EXERCISE PROMPT: Working through the data below, reproduce word for word the line with "BlueJose Golf US" and every line after it, both ends included, and omit the pictures.

GIVEN DATA:
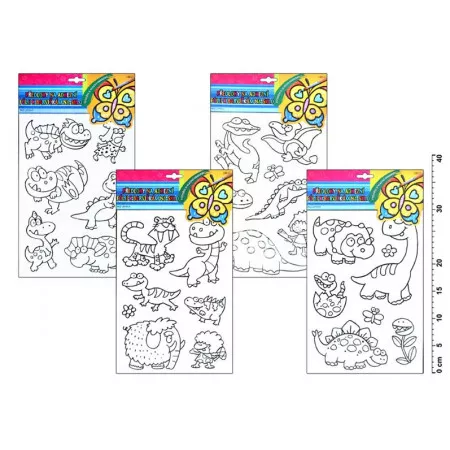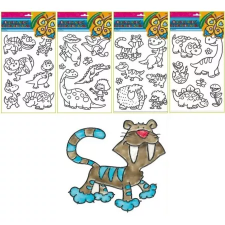 Předloha k barvám na sklo ANDĚL 1534 vyvýšená kontura. Předlohy pro malování na sklo, s vyvýšenou konturou, na adhezní fólii, s veselými motivy pravěkých zvířat. Obrázek se po vybarvení a uschnutí umístí na čisté sklo nebo jinou hladkou plochu, obrázek jednoduše elektrostaticky přilne. Uvedená cena za jedno balení, motiv dle skladových zásob.
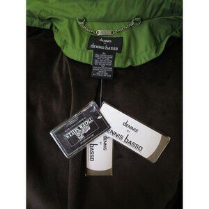 This Dennis Basso coat offers a refined balance of style and functionality. The vibrant green outer shell is accentuated with brown piping details, creating a sophisticated contrast. Its belted waist enhances the silhouette, while the button-front closure adds a classic touch. A detachable faux fur vest lining ensures year-round versatility, keeping you warm and stylish through seasons. New with tags. May show minor defects in manufacture and decoration. Sash/tie will be in pocket. A line styling. May Have Loose Buttons. May Show Minor Defects in Manufacture and Decoration.
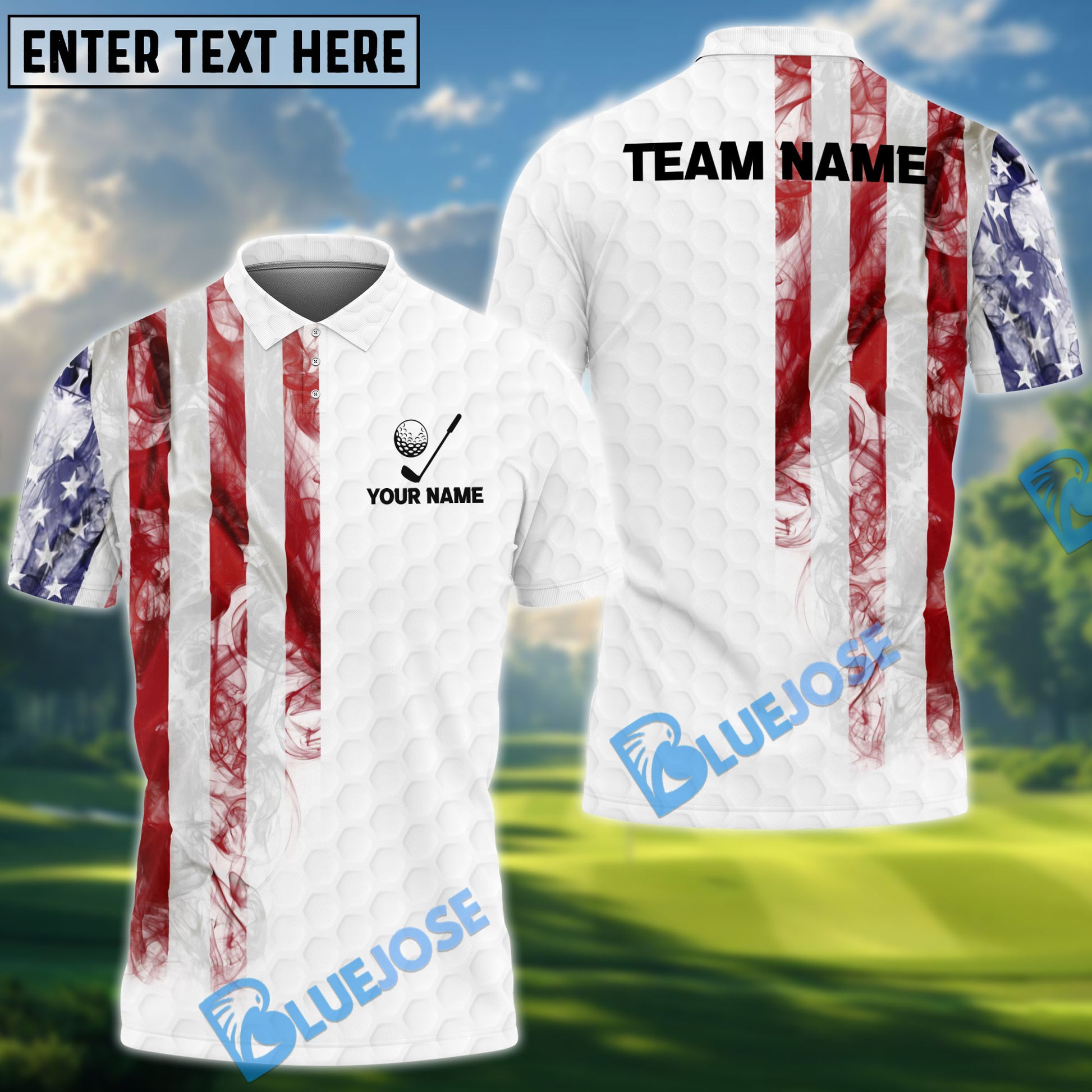 BlueJose Golf US Flag with Ball Pattern Customized Name, Team Name 3D Shirts
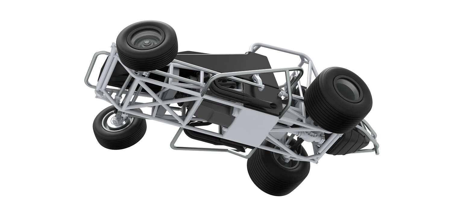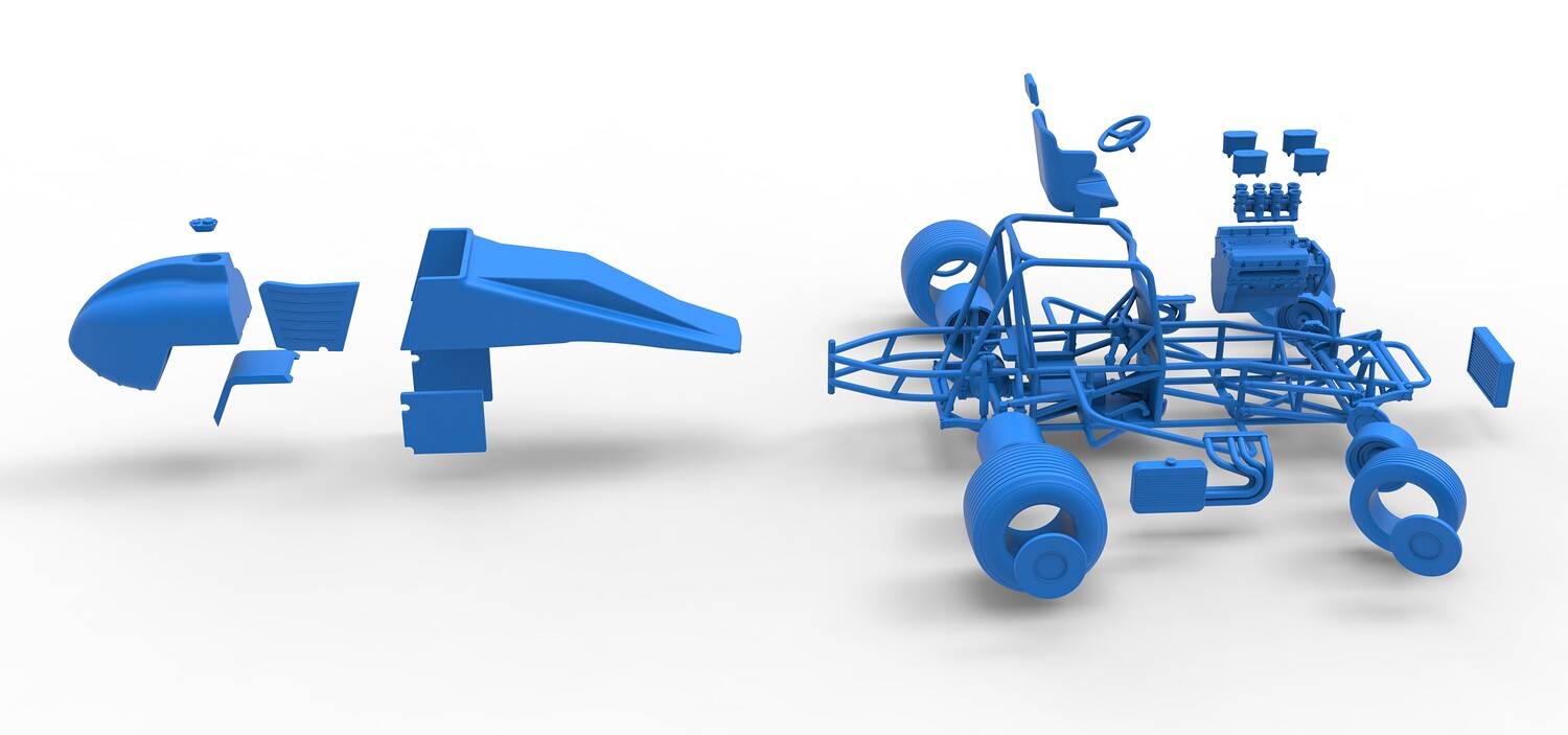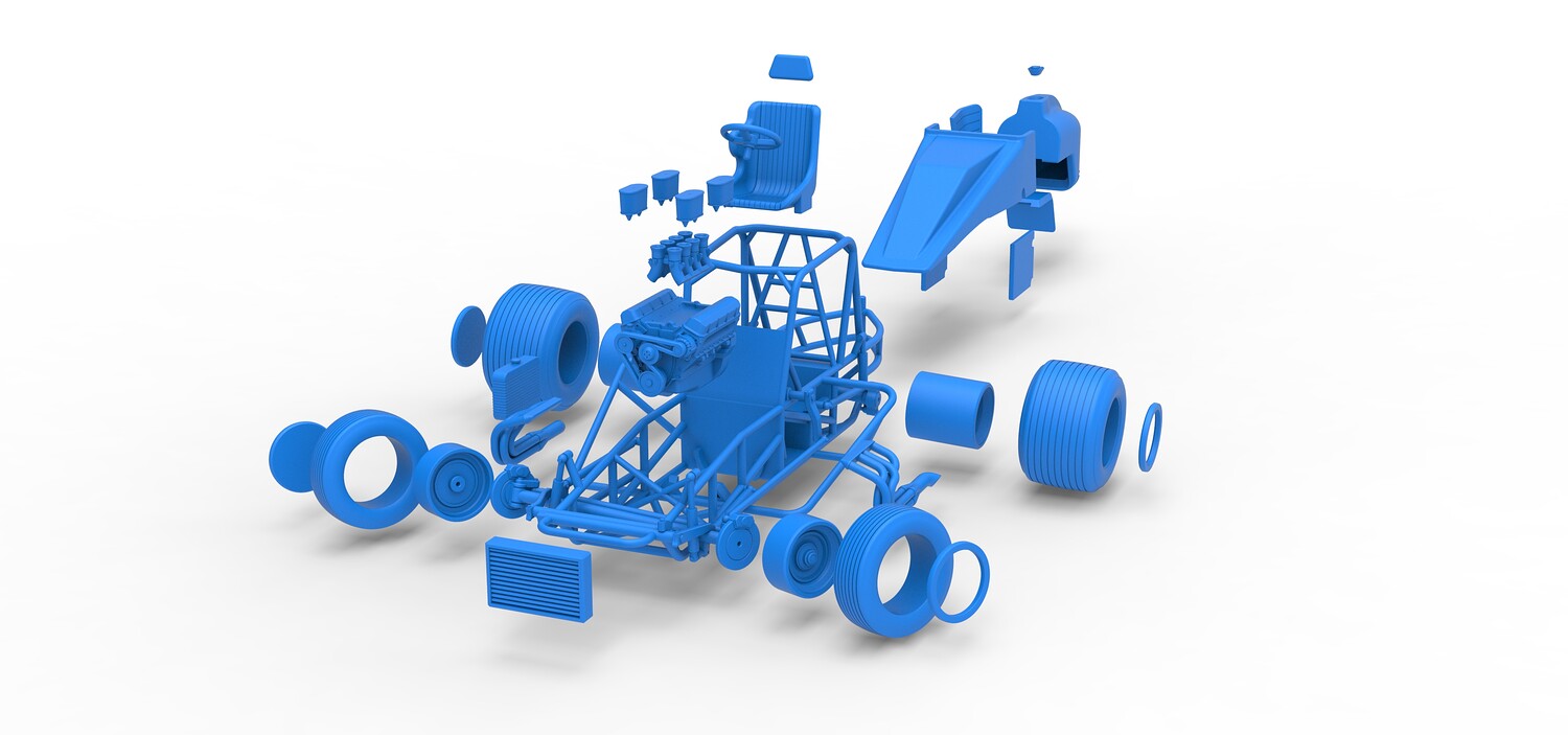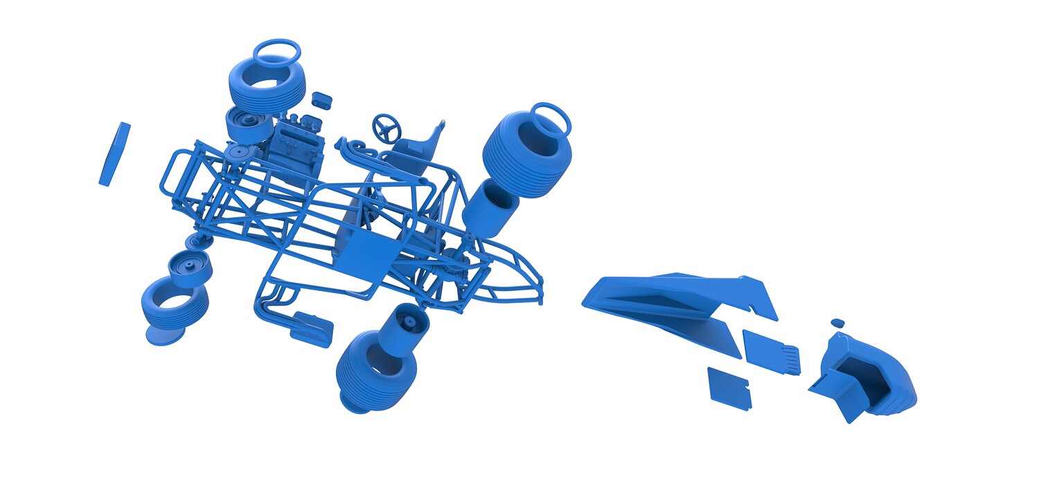 The model consists of parts: Air filters, Air intake, Beadlock rings, Engine, Frame, Front rims, Front tires, Fuel tank bottom plate, Fuel tank insert, Fuel tank, Headrest, Hood, Left exhaust, Oil tank, Radiator, Rear left tire, Rear right tire, Rear rims, Right exhaust, Right side shield, Rim covers, Seat, Side plates, Steering wheel.

RESULT:
 BlueJose Golf US Flag with Ball Pattern Customized Name, Team Name 3D Shirts
 The model consists of parts: Air filters, Air intake, Beadlock rings, Engine, Frame, Front rims, Front tires, Fuel tank bottom plate, Fuel tank insert, Fuel tank, Headrest, Hood, Left exhaust, Oil tank, Radiator, Rear left tire, Rear right tire, Rear rims, Right exhaust, Right side shield, Rim covers, Seat, Side plates, Steering wheel.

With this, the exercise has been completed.